Moon enlisted in the Second Australian Imperial Force in 1940. Initially, he was a member of 2/4 Field Ambulance in the Middle East and deployed to Syria. There, he transferred to the 2/2 Casualty Clearing Station (CCS). In February 1942, Moon and Colonel Ernest "Weary" Dunlop sailed from Suez and landed in Java to honour a British undertaking to assist the Dutch in defence of Java. However, on 6 March, the Dutch capitulated, and the Australians, known as the “Black” Force, became prisoners of war.

A General Hospital was established with 23 officers, including Arthur Moon as a Medical Officer. In January 1943, a party of around 900 POWs, known as the “Dunlop” Force, was assembled to move to Thailand under the command of "Weary" Dunlop.

The force arrived at Banpong in Thailand on 24 January and was trucked to Tarsau. From Tarsau, the Force moved on foot approx 25 km to their first work area at Konyu, where they arrived with 875 POWs.

Moon moved to Hintok Mountain Camp in early April and was sent to Tamarkan to take up the post of Senior Medical Officer.
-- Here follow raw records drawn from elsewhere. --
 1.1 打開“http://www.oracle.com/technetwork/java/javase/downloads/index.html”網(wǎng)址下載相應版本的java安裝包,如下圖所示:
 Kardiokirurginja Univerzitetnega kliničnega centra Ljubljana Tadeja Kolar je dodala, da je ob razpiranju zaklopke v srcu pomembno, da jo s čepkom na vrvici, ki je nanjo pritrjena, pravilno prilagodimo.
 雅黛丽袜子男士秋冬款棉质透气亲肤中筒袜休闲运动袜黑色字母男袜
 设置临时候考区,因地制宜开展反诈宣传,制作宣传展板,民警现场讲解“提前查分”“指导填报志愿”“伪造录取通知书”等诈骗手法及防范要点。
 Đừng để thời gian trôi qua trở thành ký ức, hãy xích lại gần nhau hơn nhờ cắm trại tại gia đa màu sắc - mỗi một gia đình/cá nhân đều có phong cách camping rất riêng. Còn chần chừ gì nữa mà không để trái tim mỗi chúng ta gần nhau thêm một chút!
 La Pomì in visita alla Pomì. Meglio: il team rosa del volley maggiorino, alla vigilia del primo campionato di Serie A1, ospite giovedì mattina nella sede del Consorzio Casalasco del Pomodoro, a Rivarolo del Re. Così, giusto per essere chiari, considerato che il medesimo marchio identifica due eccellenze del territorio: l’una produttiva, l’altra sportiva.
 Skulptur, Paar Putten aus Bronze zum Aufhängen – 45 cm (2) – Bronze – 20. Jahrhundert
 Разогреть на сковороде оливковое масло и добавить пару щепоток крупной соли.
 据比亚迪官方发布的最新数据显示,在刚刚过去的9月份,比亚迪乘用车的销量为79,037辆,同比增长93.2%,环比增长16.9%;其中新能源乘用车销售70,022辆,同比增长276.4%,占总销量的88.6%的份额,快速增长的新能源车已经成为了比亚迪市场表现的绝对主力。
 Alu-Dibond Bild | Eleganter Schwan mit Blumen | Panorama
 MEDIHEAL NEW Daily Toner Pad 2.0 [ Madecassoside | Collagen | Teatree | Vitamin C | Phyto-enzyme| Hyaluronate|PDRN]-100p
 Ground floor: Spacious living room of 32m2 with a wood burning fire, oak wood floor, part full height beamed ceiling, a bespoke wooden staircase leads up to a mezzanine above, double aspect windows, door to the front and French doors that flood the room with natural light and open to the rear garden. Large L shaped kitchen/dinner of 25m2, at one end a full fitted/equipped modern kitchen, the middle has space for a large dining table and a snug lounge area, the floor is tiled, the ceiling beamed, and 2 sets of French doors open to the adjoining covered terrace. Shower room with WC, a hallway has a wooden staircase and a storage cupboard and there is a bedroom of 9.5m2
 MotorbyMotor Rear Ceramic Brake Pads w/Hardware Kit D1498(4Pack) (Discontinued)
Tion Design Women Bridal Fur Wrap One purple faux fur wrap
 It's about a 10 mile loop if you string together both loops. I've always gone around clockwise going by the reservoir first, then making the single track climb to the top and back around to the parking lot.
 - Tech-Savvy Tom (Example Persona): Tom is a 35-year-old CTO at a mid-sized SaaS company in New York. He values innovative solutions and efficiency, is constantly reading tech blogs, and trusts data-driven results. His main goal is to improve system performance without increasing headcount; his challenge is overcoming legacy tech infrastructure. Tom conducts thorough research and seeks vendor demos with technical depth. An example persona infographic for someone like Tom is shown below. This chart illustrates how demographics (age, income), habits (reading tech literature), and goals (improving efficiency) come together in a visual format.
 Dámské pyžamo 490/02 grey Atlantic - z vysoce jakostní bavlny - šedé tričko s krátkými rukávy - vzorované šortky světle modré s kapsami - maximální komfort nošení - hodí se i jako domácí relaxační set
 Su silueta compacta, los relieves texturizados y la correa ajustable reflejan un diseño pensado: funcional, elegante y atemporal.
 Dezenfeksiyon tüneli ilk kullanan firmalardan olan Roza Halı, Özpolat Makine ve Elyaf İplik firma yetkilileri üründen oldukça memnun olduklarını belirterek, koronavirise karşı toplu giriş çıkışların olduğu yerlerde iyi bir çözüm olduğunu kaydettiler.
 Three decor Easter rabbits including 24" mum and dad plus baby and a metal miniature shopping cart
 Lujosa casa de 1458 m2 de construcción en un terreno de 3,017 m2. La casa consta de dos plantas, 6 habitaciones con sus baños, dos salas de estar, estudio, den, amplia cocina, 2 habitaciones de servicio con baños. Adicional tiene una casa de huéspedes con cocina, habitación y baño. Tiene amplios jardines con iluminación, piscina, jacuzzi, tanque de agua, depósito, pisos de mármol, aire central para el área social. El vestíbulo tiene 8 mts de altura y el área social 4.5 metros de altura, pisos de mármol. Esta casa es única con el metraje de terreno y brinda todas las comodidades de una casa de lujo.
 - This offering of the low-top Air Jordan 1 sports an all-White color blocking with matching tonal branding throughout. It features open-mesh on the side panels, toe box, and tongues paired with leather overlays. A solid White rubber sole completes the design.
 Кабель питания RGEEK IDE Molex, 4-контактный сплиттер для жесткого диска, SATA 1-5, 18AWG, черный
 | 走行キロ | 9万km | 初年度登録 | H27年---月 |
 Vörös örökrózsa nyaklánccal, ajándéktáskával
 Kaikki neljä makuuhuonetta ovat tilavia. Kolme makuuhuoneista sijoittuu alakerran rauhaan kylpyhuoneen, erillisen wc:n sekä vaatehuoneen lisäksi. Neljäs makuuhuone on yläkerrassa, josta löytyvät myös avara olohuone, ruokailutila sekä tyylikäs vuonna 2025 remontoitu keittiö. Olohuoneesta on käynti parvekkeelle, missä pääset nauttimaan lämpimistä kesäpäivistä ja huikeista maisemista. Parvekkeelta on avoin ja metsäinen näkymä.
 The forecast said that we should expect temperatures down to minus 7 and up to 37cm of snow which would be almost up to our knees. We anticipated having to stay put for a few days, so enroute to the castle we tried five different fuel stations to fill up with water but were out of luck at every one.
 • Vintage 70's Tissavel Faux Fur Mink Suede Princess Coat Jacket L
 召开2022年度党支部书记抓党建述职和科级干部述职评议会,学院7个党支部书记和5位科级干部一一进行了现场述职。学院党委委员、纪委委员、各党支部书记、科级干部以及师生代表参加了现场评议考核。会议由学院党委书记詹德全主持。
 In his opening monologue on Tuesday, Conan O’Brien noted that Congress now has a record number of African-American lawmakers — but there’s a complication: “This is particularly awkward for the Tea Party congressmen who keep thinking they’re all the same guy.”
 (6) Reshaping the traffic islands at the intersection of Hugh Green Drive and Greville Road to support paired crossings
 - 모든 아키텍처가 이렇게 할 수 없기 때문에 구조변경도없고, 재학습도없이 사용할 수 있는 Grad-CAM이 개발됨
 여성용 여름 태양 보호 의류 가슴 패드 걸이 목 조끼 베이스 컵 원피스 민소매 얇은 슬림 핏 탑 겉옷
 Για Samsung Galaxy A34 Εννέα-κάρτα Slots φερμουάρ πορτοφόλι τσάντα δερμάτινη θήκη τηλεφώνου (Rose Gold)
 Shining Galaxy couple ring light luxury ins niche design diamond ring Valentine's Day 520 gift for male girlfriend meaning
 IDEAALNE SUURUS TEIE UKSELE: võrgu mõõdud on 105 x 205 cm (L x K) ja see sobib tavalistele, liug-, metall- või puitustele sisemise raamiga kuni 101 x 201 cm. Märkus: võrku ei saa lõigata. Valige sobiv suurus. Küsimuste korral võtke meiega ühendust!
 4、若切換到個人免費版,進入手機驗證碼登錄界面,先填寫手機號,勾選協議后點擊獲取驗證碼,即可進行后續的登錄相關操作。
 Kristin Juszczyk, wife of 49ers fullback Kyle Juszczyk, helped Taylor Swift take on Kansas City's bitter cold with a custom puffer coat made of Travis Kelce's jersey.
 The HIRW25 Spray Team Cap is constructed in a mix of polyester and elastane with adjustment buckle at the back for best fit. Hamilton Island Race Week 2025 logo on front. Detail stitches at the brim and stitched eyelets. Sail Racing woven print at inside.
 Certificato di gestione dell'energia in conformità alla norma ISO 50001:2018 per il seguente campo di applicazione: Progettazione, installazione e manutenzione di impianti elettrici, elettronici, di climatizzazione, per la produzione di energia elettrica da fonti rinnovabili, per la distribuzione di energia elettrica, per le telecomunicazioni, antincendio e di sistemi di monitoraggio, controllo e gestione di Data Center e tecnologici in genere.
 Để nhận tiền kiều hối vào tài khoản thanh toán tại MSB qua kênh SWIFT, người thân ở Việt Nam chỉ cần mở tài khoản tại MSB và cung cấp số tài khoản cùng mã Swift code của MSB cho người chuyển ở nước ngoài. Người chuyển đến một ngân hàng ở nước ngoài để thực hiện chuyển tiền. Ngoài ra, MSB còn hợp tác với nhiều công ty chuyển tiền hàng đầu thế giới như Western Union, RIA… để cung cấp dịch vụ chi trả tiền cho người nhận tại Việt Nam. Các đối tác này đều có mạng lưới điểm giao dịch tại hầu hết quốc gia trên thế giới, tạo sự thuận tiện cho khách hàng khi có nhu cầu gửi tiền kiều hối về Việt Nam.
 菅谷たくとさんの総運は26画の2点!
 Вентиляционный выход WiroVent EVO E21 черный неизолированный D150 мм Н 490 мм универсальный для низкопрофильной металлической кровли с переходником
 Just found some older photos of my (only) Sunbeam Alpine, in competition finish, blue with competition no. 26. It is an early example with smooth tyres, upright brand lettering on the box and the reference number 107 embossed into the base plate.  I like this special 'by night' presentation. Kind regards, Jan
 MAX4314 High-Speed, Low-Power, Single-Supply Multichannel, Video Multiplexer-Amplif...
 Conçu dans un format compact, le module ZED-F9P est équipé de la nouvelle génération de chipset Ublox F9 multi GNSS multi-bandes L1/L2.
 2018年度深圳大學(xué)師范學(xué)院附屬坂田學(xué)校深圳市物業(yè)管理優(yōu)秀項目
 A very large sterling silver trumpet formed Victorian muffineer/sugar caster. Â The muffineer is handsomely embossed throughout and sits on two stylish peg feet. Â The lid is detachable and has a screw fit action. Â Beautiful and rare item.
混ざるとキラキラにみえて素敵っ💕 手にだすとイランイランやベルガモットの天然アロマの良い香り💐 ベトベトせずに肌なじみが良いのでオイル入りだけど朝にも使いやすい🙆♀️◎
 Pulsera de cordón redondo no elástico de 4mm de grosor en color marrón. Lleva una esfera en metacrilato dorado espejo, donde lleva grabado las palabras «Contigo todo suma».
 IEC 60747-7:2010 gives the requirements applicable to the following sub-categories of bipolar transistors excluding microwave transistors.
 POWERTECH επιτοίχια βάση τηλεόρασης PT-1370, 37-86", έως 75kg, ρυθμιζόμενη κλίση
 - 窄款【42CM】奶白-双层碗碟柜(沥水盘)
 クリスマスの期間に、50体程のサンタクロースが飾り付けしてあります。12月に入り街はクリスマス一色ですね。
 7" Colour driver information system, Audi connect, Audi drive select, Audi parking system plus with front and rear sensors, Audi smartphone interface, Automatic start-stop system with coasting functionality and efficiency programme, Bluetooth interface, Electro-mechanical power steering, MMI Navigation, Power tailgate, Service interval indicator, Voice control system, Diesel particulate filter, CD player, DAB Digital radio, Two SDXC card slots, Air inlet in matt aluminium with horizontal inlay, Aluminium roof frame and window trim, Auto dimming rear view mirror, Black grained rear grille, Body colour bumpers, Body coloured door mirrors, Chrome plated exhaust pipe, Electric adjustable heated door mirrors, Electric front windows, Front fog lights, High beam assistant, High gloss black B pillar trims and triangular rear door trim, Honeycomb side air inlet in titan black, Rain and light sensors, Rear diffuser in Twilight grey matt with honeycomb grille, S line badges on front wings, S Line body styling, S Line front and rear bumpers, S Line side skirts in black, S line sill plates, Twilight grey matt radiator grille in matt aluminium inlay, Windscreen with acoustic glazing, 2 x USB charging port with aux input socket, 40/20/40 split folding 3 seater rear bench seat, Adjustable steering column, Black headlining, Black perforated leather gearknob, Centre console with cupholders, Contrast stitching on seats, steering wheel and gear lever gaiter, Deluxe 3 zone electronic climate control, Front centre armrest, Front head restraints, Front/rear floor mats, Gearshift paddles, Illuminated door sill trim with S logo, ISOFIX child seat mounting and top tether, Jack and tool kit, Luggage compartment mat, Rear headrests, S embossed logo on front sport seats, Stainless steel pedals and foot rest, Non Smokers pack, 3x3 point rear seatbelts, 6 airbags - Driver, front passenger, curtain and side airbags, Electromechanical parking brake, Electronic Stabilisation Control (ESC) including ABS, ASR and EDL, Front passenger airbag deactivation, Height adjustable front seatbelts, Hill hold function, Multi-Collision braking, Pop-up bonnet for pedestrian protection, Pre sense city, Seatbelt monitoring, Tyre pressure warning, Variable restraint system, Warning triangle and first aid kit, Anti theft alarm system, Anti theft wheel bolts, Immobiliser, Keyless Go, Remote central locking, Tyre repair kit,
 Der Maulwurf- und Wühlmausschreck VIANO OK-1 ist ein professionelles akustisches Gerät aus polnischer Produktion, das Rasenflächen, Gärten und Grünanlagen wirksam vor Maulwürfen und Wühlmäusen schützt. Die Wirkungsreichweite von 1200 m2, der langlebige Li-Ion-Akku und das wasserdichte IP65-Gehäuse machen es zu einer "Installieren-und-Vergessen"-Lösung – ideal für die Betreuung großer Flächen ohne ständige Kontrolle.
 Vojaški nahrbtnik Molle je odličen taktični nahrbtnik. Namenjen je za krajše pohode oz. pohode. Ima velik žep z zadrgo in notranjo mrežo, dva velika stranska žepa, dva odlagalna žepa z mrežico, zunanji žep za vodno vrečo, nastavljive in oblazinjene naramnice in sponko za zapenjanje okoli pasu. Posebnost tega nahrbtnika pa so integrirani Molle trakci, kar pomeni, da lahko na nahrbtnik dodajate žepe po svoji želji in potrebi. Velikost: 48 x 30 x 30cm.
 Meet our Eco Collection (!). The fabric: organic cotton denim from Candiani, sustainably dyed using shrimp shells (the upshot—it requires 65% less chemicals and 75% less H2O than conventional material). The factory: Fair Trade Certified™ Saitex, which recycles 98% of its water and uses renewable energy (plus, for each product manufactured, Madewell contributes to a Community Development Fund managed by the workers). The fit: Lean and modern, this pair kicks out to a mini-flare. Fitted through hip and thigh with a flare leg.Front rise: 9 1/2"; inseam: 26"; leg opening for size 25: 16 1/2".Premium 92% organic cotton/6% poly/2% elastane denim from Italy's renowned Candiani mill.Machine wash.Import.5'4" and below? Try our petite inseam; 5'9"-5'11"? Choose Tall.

He took up the post on 1 May 1943, where he took charge of a camp that was not a proper hospital as it remained essentially unchanged from when the bamboo huts served as the quarters for POW workers that preceded them. Here, Moon worked under a British Territorial Officer, Lt Col Philip Toosey, who was well-ordered and disciplined, which helped with hygiene and the organisation of Moon's medical staff, mainly enlisted soldiers.

On 3 May, the first party of sick men arrived by barge at Tamarkan, and after this, about 100 a day came. Many were delivered at night and left in the rice fields, where parties had to be sent out to find them.

Moon was also at Chungkai and Tamuang at various times.

==Record of conditions and atrocities==
Moon is credited with causing one of the most comprehensive records of wartime Far East POW camp conditions and atrocities to come into being. He enlisted four prisoners with artistic skill, Ashley George Old, Jack Bridger Chalker, Philip Meninsky, and Keith Neighbour, to create paintings of the camps, prisoners, and injuries. The artists undertook this work in circumstances of extreme difficulty and danger.
Many of these paintings were buried at Moon's final camp, recovered after the war, and archived by the State Library of Victoria.

In 1995, an exhibition of the works was held under the title 'The Major Arthur Moon Collection.' The collection catalogue cover shows a painting of a beckoning hand titled 'Bomb wound (air attack)' by Old. Compared to Picasso's Guernica, the narrative is an extraordinary image of war.

Major Arthur Moon Collection Exhibition Catalogue Cover

The Australian War Memorial holds photographs of Moon operating in the camps.
Arthur Moon Papers, Letters, and Medical Reports, including the diagrams and maps of soldiers' burial sites at the Tamarkan POW camp, are held by The State Library of New South Wales, MLMSS 4234.